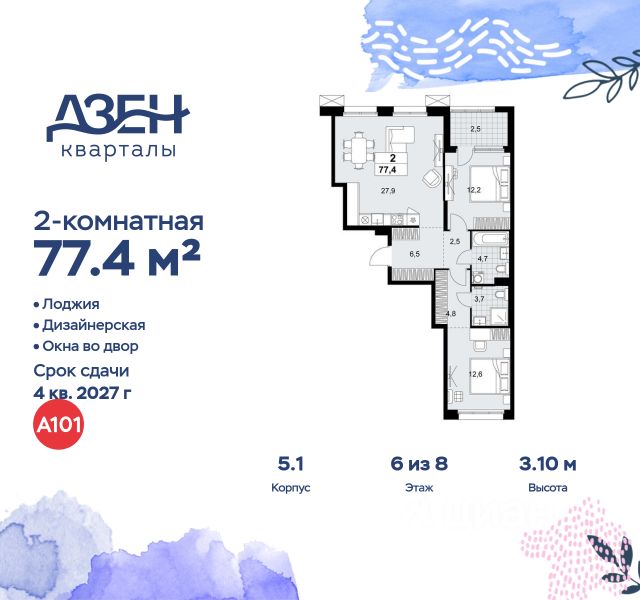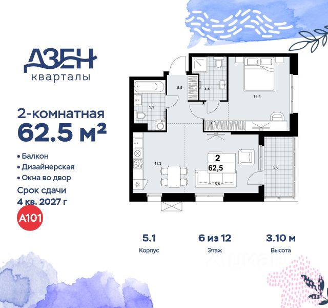 В жилом комплексе, расположенном по соседству с ландшафтным парком "Южное Бутово", продается 2-комнатная квартира площадью 53.20 кв. м. с отделкой. Квартира расположена на 6 этаже 2 корпуса в жилом квартале комфорт-класса "Новые Смыслы" (ГК Unikey/Юникей). Доступная и удобная локация: - 10 минут ходьбы до станции метро "Потапово". - 25 минут ходьбы до станции метро "Бунинская аллея". - 15 минут на авто до Калужского шоссе. - 20 минут на авто до МКАД. - 30 минут на машине до аэропортов "Внуково" и "Остафьево". Продуманный архитектурный проект: - Разноуровневые секции с эстетичные башнями и контрастными цветовыми сочетаниями, напоминающими башни в Сити. - Сказочные виды из окон на современный район столицы. - Авторские планировки с потолками в 3 метра, просторными кухнями-гостиными и мастер-спальнями. - Комфортные бесплатные общественные пространства. - Подземный паркинг с прямым доступом на лифте. - Настоящий лес с живописными пейзажами и прудом прямо во дворе. Расположение Комплекс "Новые Смыслы" расположится в благоприятном районе Новой Москвы - Коммунарка. Зеленое окружение, богатая инфраструктура развивающегося района - все это сформирует особое пространство для комфортной жизни, наполненной смыслом. 10 минут на велосипеде - и вы в ландшафтном парке "Южное Бутово" или сквере у Потаповских прудов. Чуть дальше расположен Бутовский лесопарк. В окружении "Новых Смыслов" вы найдете все необходимые социальные объекты. В двух шагах от дома находится 5 школ, более десятка детских садов, секции для занятий малышей и подростков, частные клиники, супермаркеты, рестораны, студии красоты и фитнес-центры. За 12 минут на авто вы доберетесь до ледовой арены, комплекса "Спорт Станция" и спа-центра "Termoland". Внутренняя инфраструктура Для жителей "Новых Смыслов" будут созданы бесплатные общественные пространства: - Деловая гостиная с эстетичным коворкингом и переговорными. - Гостиная для души и тела, включающая фитнес-зону с тренажерами и пространства для стретчинга, йоги и медитаций. - Гостиная детства, где дети будут играть и развиваться под присмотром тьютора. - Кино-гостиная - кинотеатр на крыше одного из домов, предлагающий разнообразную программу. - Прачечная, работающая только для жильцов. Вместе с корпусами комплекса на территории запланировано строительство детского сада. На первых этажах корпусов откроются кофейни, пекарни, сервисы быта и пункты доставки. Благоустройство Чтобы отдохнуть от суеты города, достаточно выйти во двор: здесь раскинулся настоящий лес с живописными пейзажами. В тени деревьев жителей ждут пруд с мостиком и беседкой на берегу, тихие прогулочные аллеи, спортивная площадка и зоны для занятий йогой и бадминтоном на свежем воздухе. Юных жителей порадуют современные детские площадки, жукарий и специальное пространство для подвижных игр. Безопасность на территории гарантирована: двор огорожен от машин и оснащен камерами видеонаблюдения.
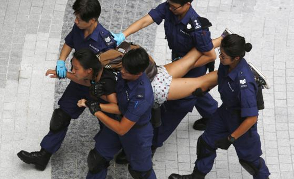Seorang pengunjuk rasa pro-demokrasi diboyong oleh polisi wanita setelah melempari gedung pusat pemerintahan di Hong Kong di tengah aksinya akhir pekan lalu. Gelombang unjuk rasa yang kembali muncul di Hong Kong digerakkan oleh para mahasiswa yang menilai pengaruh Tiongkok semakin kuat dalam pemerintahan Hong Kong. Hal itu merujuk pada keputusan Tiongkok yang menyebut bahwa hanya kandidat yang telah diperiksa oleh Beijing yang bisa mengikuti pemilihan umum kota untuk memperebutkan kursi kepala eksekutif yang merupakan posisi tertinggi sipil di Hong Kong. Unjuk rasa kemarin diwarnai dengan kekerasan dan menyisakan 38 orang luka-luka. REUTERS
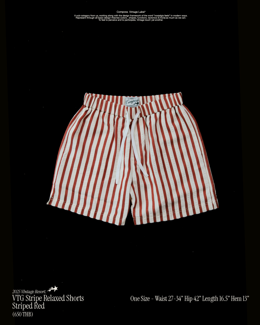 COMPOSE - VTG Stripe Relaxed Shorts - Striped Red
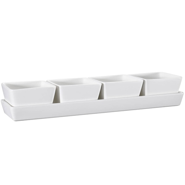 Nor tapasfat med fyra vita skålar från Modern House erbjuder ett stilfullt sätt att servera tapas och små tilltugg. Det eleganta serveringsfatet samlar fyra glaserade skålar som passar perfekt för att presentera ett urval av rätter. Fatets långa, stilrena design är både praktisk och vacker, vilket gör det lätt att skapa en inbjudande dukning. Fatet kan både användas till servering av olika livsmedel eller som en bricka för de fyra skålarna, beroende på vad som passar bäst för tillfället. Setet ger, med sin mångsidighet, möjlighet till en inbjudande och varierad servering som passar alla tillfällen.
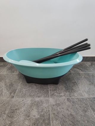 Bañera super útil,con tope para que el bebé no se escurra y ahorrar agua.
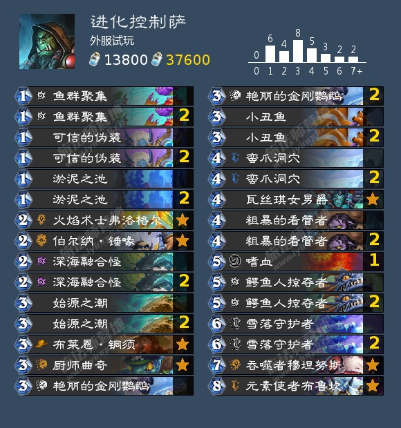 以上五张牌为新版本进化体系的新卡,综合整个体系,我的结论是发动机有余,收益端不足。新版本给了萨满【可信的伪装】和【淤泥之池】两张优质的进化牌,却在进化的收益随从上十分保守。中立的【迷宫向导】算是前期不错的随从,一费【淤泥之池】二费【迷宫向导】的combo也还不错,但现在的标准进化萨缺少爆发性的场面,唯一可能是老哥们一直在说的注能后【可信的伪装】配合【小巧玩具】的一波爆发,但这个combo费用过高,且需要前置条件。至于我在试玩前设想的鱼人轴的铺场过牌,在实战中狠狠的打了我的脸。整套卡组在缺少鱼人这个关键发动机时十分僵硬,在鱼人来的时候进化体系的表现又明显不如【鱼勇可贾】和【嗜血】;同时群体进化的【可信的伪装】需要送随从,而进化萨鼓励优势交换滚雪球。新卡和传统思路的冲突使得传统的铺场进化萨十分尴尬。在我咕咕的这段时间里,我看到了进化萨的两种新思路:以鱼控为主混搭进化体系的进化控制萨(来自外服);以及彻底放弃前期随从追求进化大哥的巨型进化萨(来自天狼)。

-------------------------

WHAT THE EXERCISE ASKS:
Should any entry above carry a picture, omit it and repeat everything else word for word.

WRITTEN REPLY:
 В жилом комплексе, расположенном по соседству с ландшафтным парком "Южное Бутово", продается 2-комнатная квартира площадью 53.20 кв. м. с отделкой. Квартира расположена на 6 этаже 2 корпуса в жилом квартале комфорт-класса "Новые Смыслы" (ГК Unikey/Юникей). Доступная и удобная локация: - 10 минут ходьбы до станции метро "Потапово". - 25 минут ходьбы до станции метро "Бунинская аллея". - 15 минут на авто до Калужского шоссе. - 20 минут на авто до МКАД. - 30 минут на машине до аэропортов "Внуково" и "Остафьево". Продуманный архитектурный проект: - Разноуровневые секции с эстетичные башнями и контрастными цветовыми сочетаниями, напоминающими башни в Сити. - Сказочные виды из окон на современный район столицы. - Авторские планировки с потолками в 3 метра, просторными кухнями-гостиными и мастер-спальнями. - Комфортные бесплатные общественные пространства. - Подземный паркинг с прямым доступом на лифте. - Настоящий лес с живописными пейзажами и прудом прямо во дворе. Расположение Комплекс "Новые Смыслы" расположится в благоприятном районе Новой Москвы - Коммунарка. Зеленое окружение, богатая инфраструктура развивающегося района - все это сформирует особое пространство для комфортной жизни, наполненной смыслом. 10 минут на велосипеде - и вы в ландшафтном парке "Южное Бутово" или сквере у Потаповских прудов. Чуть дальше расположен Бутовский лесопарк. В окружении "Новых Смыслов" вы найдете все необходимые социальные объекты. В двух шагах от дома находится 5 школ, более десятка детских садов, секции для занятий малышей и подростков, частные клиники, супермаркеты, рестораны, студии красоты и фитнес-центры. За 12 минут на авто вы доберетесь до ледовой арены, комплекса "Спорт Станция" и спа-центра "Termoland". Внутренняя инфраструктура Для жителей "Новых Смыслов" будут созданы бесплатные общественные пространства: - Деловая гостиная с эстетичным коворкингом и переговорными. - Гостиная для души и тела, включающая фитнес-зону с тренажерами и пространства для стретчинга, йоги и медитаций. - Гостиная детства, где дети будут играть и развиваться под присмотром тьютора. - Кино-гостиная - кинотеатр на крыше одного из домов, предлагающий разнообразную программу. - Прачечная, работающая только для жильцов. Вместе с корпусами комплекса на территории запланировано строительство детского сада. На первых этажах корпусов откроются кофейни, пекарни, сервисы быта и пункты доставки. Благоустройство Чтобы отдохнуть от суеты города, достаточно выйти во двор: здесь раскинулся настоящий лес с живописными пейзажами. В тени деревьев жителей ждут пруд с мостиком и беседкой на берегу, тихие прогулочные аллеи, спортивная площадка и зоны для занятий йогой и бадминтоном на свежем воздухе. Юных жителей порадуют современные детские площадки, жукарий и специальное пространство для подвижных игр. Безопасность на территории гарантирована: двор огорожен от машин и оснащен камерами видеонаблюдения.
Seorang pengunjuk rasa pro-demokrasi diboyong oleh polisi wanita setelah melempari gedung pusat pemerintahan di Hong Kong di tengah aksinya akhir pekan lalu. Gelombang unjuk rasa yang kembali muncul di Hong Kong digerakkan oleh para mahasiswa yang menilai pengaruh Tiongkok semakin kuat dalam pemerintahan Hong Kong. Hal itu merujuk pada keputusan Tiongkok yang menyebut bahwa hanya kandidat yang telah diperiksa oleh Beijing yang bisa mengikuti pemilihan umum kota untuk memperebutkan kursi kepala eksekutif yang merupakan posisi tertinggi sipil di Hong Kong. Unjuk rasa kemarin diwarnai dengan kekerasan dan menyisakan 38 orang luka-luka. REUTERS
 COMPOSE - VTG Stripe Relaxed Shorts - Striped Red
 Nor tapasfat med fyra vita skålar från Modern House erbjuder ett stilfullt sätt att servera tapas och små tilltugg. Det eleganta serveringsfatet samlar fyra glaserade skålar som passar perfekt för att presentera ett urval av rätter. Fatets långa, stilrena design är både praktisk och vacker, vilket gör det lätt att skapa en inbjudande dukning. Fatet kan både användas till servering av olika livsmedel eller som en bricka för de fyra skålarna, beroende på vad som passar bäst för tillfället. Setet ger, med sin mångsidighet, möjlighet till en inbjudande och varierad servering som passar alla tillfällen.
 Bañera super útil,con tope para que el bebé no se escurra y ahorrar agua.
 以上五张牌为新版本进化体系的新卡,综合整个体系,我的结论是发动机有余,收益端不足。新版本给了萨满【可信的伪装】和【淤泥之池】两张优质的进化牌,却在进化的收益随从上十分保守。中立的【迷宫向导】算是前期不错的随从,一费【淤泥之池】二费【迷宫向导】的combo也还不错,但现在的标准进化萨缺少爆发性的场面,唯一可能是老哥们一直在说的注能后【可信的伪装】配合【小巧玩具】的一波爆发,但这个combo费用过高,且需要前置条件。至于我在试玩前设想的鱼人轴的铺场过牌,在实战中狠狠的打了我的脸。整套卡组在缺少鱼人这个关键发动机时十分僵硬,在鱼人来的时候进化体系的表现又明显不如【鱼勇可贾】和【嗜血】;同时群体进化的【可信的伪装】需要送随从,而进化萨鼓励优势交换滚雪球。新卡和传统思路的冲突使得传统的铺场进化萨十分尴尬。在我咕咕的这段时间里,我看到了进化萨的两种新思路:以鱼控为主混搭进化体系的进化控制萨(来自外服);以及彻底放弃前期随从追求进化大哥的巨型进化萨(来自天狼)。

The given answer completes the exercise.